START Information provided
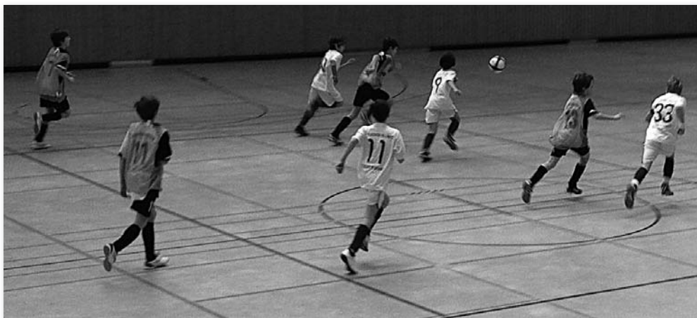
D1 Junioren in Aktion

Der TV Aldingen war der nächste Gegner der D2 und konnte schnell 2 Tore vorlegen. Die D2 bäumte sich auf und hielt bis Mitte der Halbzeit tapfer mit, doch dann ging es Schlag auf Schlag und Aldingen führte plötzlich mit 6:0. Die D2 brachte noch einmal Gegenwehr auf und hatte kurz vor Schluss sogar die Möglichkeit zum Gegentreffer doch es blieb leider beim 0:6 für Aldingen.
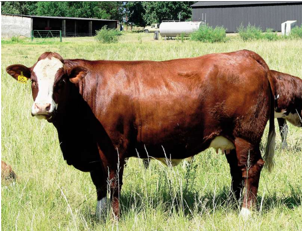
BO: So lyk die tipiese Simmentaler-stoetkoeie wat besonder goed presteer op Braklaagte.

het hy ernstig nagedink. “Ek het toe 4 000 ha gesaai. Wat is die volgende stap? Daar was berge mielies, die prys was af, die wêreldmarkte was nog nie so toeganklik soos nou nie. Graan SA het aanbeveel dat boere 30% minder mielies moes plant.
END Information provided
• Your task
When you retype the data above, match every line exactly and leave the pictures behind.

• Exercise answer
D1 Junioren in Aktion

Der TV Aldingen war der nächste Gegner der D2 und konnte schnell 2 Tore vorlegen. Die D2 bäumte sich auf und hielt bis Mitte der Halbzeit tapfer mit, doch dann ging es Schlag auf Schlag und Aldingen führte plötzlich mit 6:0. Die D2 brachte noch einmal Gegenwehr auf und hatte kurz vor Schluss sogar die Möglichkeit zum Gegentreffer doch es blieb leider beim 0:6 für Aldingen.
BO: So lyk die tipiese Simmentaler-stoetkoeie wat besonder goed presteer op Braklaagte.

het hy ernstig nagedink. “Ek het toe 4 000 ha gesaai. Wat is die volgende stap? Daar was berge mielies, die prys was af, die wêreldmarkte was nog nie so toeganklik soos nou nie. Graan SA het aanbeveel dat boere 30% minder mielies moes plant.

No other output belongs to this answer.